Stored records
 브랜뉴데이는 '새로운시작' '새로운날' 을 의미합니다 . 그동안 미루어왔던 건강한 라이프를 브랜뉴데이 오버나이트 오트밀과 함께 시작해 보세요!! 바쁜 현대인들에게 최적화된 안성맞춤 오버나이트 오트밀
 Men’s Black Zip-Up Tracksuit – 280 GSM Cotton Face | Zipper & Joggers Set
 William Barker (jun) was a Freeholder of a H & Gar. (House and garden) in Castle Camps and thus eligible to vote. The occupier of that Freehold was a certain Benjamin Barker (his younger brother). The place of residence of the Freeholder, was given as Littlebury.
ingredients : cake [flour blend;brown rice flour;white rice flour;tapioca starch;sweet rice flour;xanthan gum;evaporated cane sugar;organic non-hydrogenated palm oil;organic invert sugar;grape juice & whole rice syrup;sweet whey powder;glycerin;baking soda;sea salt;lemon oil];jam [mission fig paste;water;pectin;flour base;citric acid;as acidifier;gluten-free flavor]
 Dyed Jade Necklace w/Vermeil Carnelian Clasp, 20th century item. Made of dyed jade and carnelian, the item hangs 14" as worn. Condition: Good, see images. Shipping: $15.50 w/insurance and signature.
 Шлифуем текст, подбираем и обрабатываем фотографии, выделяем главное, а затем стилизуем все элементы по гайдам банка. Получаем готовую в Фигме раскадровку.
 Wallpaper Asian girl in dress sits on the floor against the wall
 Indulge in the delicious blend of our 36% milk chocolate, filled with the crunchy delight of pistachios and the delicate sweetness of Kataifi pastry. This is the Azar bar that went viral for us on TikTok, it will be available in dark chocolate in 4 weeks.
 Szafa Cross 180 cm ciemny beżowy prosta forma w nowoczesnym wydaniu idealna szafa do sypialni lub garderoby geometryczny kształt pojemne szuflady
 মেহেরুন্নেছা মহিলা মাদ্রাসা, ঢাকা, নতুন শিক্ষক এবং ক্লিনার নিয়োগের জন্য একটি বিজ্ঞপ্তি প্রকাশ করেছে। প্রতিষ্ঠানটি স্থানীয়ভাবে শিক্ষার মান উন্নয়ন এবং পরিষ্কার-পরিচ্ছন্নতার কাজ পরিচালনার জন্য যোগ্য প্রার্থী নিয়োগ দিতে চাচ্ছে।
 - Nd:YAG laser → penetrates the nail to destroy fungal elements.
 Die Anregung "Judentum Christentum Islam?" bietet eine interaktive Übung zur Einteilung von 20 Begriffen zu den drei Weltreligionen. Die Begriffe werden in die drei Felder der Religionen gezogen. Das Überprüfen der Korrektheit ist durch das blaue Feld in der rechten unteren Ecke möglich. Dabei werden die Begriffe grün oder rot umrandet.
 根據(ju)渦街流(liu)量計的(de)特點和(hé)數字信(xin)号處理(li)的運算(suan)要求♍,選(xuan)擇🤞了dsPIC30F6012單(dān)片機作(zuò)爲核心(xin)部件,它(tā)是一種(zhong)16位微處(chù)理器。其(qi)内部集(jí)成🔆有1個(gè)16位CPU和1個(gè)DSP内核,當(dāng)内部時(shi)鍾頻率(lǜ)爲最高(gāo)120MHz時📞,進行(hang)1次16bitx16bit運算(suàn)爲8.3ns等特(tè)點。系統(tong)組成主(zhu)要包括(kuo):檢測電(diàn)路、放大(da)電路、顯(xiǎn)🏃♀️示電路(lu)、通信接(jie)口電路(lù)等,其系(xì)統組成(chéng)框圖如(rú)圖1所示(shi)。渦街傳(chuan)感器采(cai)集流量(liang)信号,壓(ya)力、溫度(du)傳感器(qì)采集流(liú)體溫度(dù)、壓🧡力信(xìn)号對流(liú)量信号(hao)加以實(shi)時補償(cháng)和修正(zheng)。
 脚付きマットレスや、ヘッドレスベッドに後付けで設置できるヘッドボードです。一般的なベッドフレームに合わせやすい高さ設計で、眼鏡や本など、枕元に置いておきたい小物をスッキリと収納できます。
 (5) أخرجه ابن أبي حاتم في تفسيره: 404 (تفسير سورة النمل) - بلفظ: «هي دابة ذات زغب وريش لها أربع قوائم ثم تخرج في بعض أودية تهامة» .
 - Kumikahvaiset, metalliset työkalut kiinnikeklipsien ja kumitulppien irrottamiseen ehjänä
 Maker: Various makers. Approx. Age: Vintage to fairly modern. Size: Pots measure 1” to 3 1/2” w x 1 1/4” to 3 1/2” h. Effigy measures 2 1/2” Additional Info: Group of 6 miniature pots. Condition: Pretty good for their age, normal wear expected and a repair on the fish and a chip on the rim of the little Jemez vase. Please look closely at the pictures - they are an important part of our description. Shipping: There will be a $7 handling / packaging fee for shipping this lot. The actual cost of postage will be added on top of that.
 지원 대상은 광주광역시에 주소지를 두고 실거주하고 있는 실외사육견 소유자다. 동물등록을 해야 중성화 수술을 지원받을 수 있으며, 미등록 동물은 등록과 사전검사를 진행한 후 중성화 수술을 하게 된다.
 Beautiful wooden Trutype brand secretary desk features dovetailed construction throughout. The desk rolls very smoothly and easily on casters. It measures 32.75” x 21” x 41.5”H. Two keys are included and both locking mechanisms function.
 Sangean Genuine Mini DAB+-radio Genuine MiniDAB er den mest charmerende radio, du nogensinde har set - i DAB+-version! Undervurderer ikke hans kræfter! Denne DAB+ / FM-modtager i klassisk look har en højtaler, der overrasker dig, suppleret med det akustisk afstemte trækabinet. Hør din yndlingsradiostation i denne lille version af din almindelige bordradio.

— Exercise —
Starting at the line that contains "Beautiful wooden Trutype", copy each line through the last one in the records, exactly, and output nothing else.

— Answer area —
 Beautiful wooden Trutype brand secretary desk features dovetailed construction throughout. The desk rolls very smoothly and easily on casters. It measures 32.75” x 21” x 41.5”H. Two keys are included and both locking mechanisms function.
 Sangean Genuine Mini DAB+-radio Genuine MiniDAB er den mest charmerende radio, du nogensinde har set - i DAB+-version! Undervurderer ikke hans kræfter! Denne DAB+ / FM-modtager i klassisk look har en højtaler, der overrasker dig, suppleret med det akustisk afstemte trækabinet. Hør din yndlingsradiostation i denne lille version af din almindelige bordradio.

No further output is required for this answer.